Data excerpt:
● ● ●

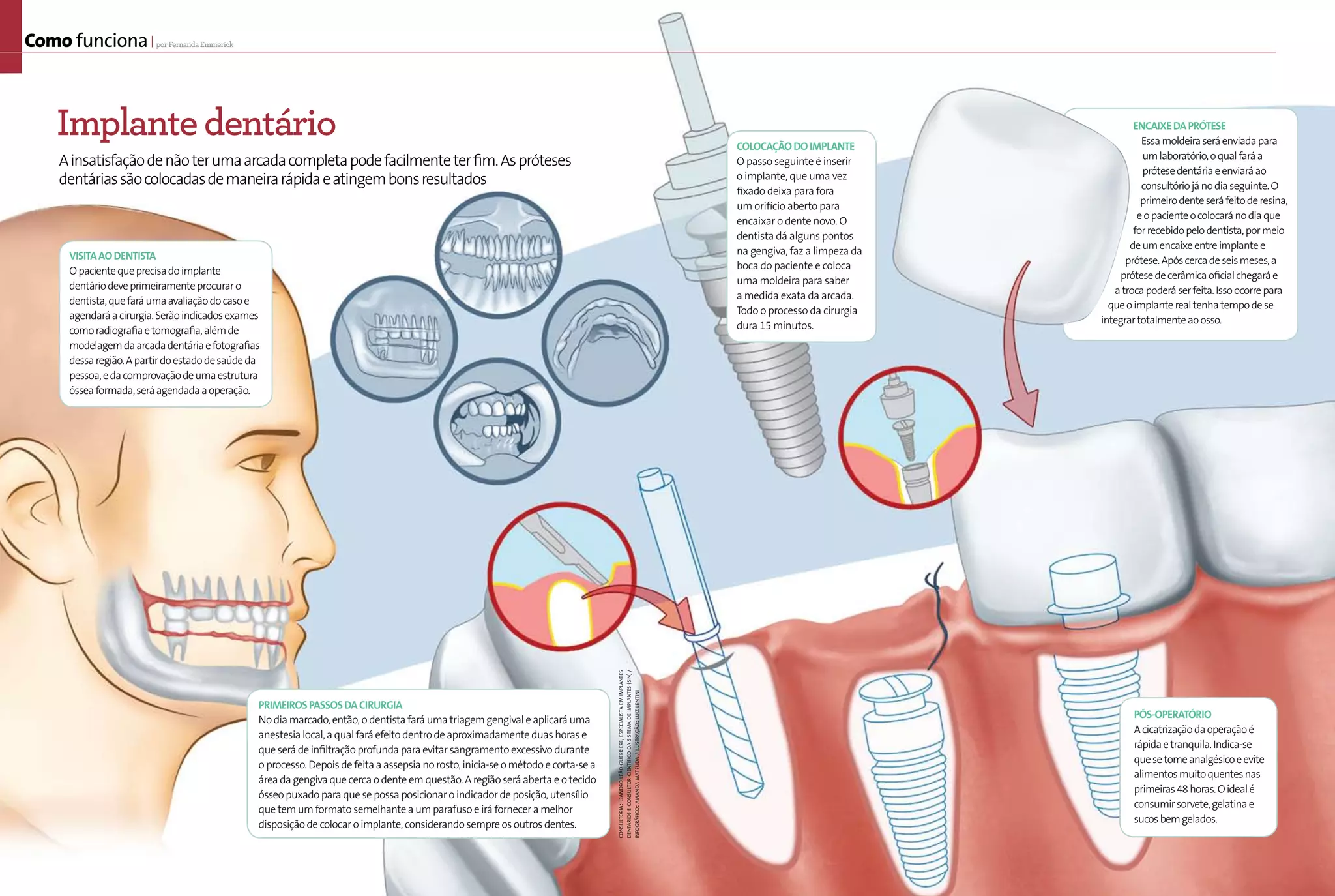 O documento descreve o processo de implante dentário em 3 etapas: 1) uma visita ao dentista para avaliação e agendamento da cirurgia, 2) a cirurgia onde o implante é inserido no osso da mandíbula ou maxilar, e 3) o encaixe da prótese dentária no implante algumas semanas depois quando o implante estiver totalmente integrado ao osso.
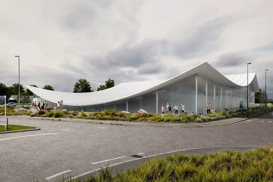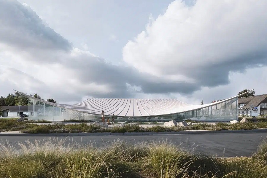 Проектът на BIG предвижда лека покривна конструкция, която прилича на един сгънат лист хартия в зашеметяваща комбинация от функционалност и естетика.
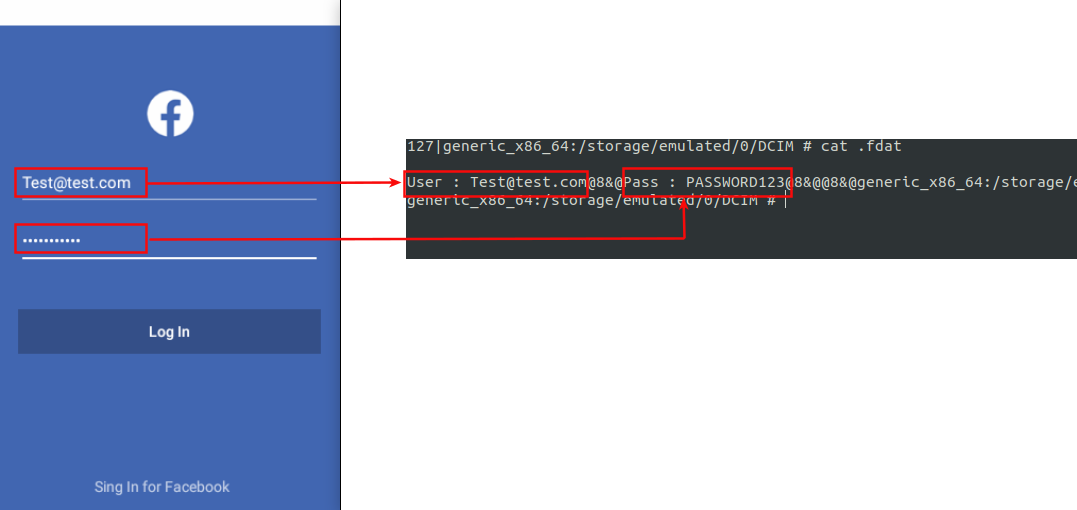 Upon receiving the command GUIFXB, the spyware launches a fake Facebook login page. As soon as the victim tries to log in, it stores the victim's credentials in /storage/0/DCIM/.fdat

● ● ●

Goal of the exercise: Return the full listing exactly as it appears above, without its pictures.

Answer to the problem:
 O documento descreve o processo de implante dentário em 3 etapas: 1) uma visita ao dentista para avaliação e agendamento da cirurgia, 2) a cirurgia onde o implante é inserido no osso da mandíbula ou maxilar, e 3) o encaixe da prótese dentária no implante algumas semanas depois quando o implante estiver totalmente integrado ao osso.
 Проектът на BIG предвижда лека покривна конструкция, която прилича на един сгънат лист хартия в зашеметяваща комбинация от функционалност и естетика.
 Upon receiving the command GUIFXB, the spyware launches a fake Facebook login page. As soon as the victim tries to log in, it stores the victim's credentials in /storage/0/DCIM/.fdat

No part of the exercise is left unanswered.